What conclusion would you think would follow from the following (courtesy of Sadly, No!)?
Dark deeds have been conducted in the name of the United States government in recent years: the gruesome, late-night circus at Abu Ghraib, the beating to death of captives in Afghanistan, and the officially sanctioned waterboarding and brutalization of high-value Qaeda prisoners. Now demands are growing for senior administration officials to be held accountable and punished. Congressional liberals, human-rights groups and other activists are urging a criminal investigation into high-level "war crimes," including the Bush administration's approval of interrogation methods considered by many to be torture.
I would think: we are a nation of laws. The accused will no doubt have better legal representation than their alleged victims (someone said something like that once–who was it?), but they'll still have to answer for their deeds. That's what I would say. Here's what the author said:
It's a bad idea. In fact, President George W. Bush ought to pardon any official from cabinet secretary on down who might plausibly face prosecution for interrogation methods approved by administration lawyers. (It would be unseemly for Bush to pardon Vice President Dick Cheney or himself, but the next president wouldn't allow them to be prosecuted anyway—galling as that may be to critics.) The reason for pardons is simple: what this country needs most is a full and true accounting of what took place. The incoming president should convene a truth commission, with subpoena power, to explore every possible misdeed and derive lessons from it. But this should not be a criminal investigation, which would only force officials to hire lawyers and batten down the hatches.

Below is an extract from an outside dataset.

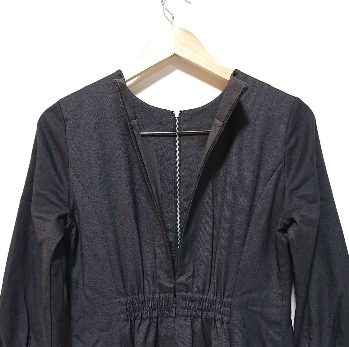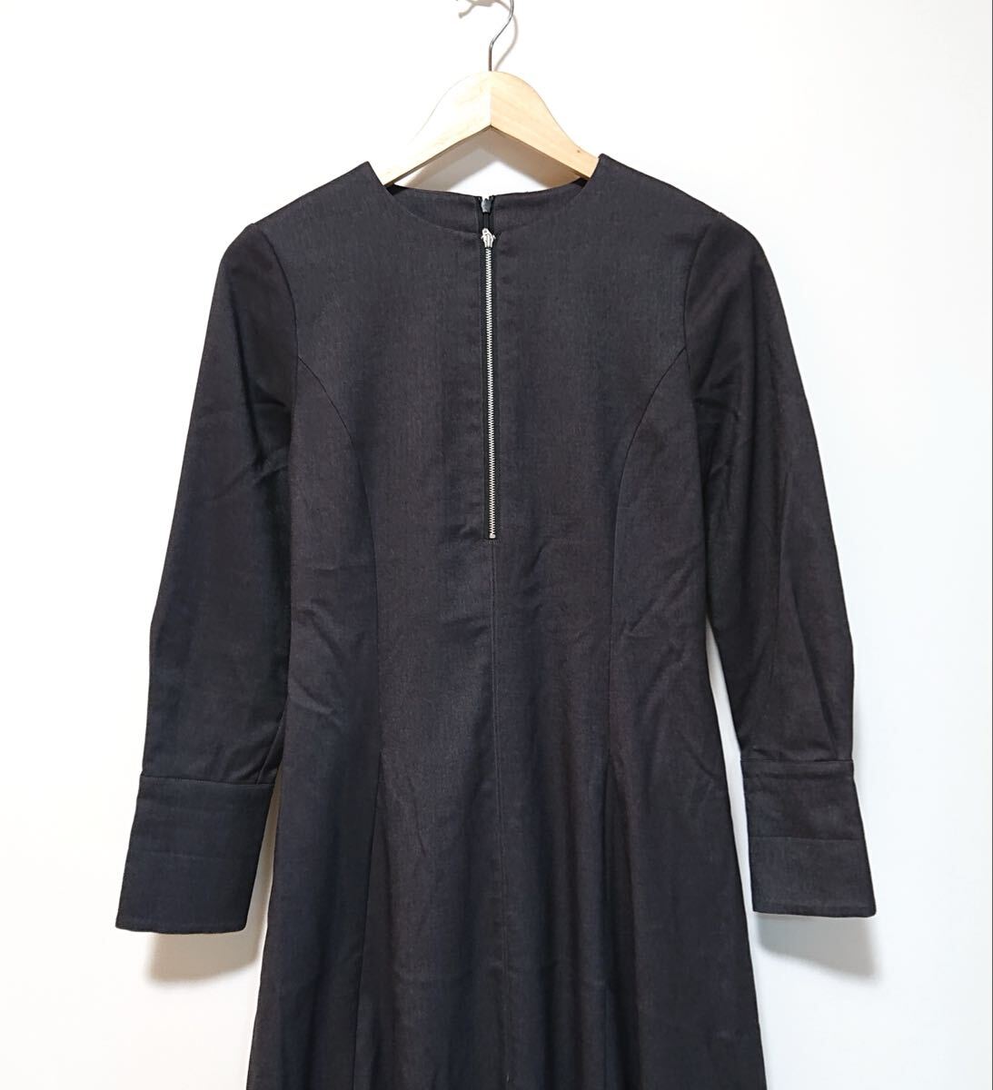 h4425gg NATURAL BEAUTY BASIC(ナチュラルビューティーベーシック)サイズM 長袖ロングワンピース グレー レディース レーヨン混 おしゃれ

Couldn't this be said about any criminal act? What the family needs is a full accounting of what happened–outside of the Rashomon-like perspectivism of a criminal trial–so let's grant the accused immunity and just hear about how he went about his crimes.
Of course that's nonsense not worthy of the most motivated high school debate student. People will continue to lie to protect their reputations–even when nothing is at stake. Criminal trials don't really produce truth anyway, they produce, maybe sometimes, justice.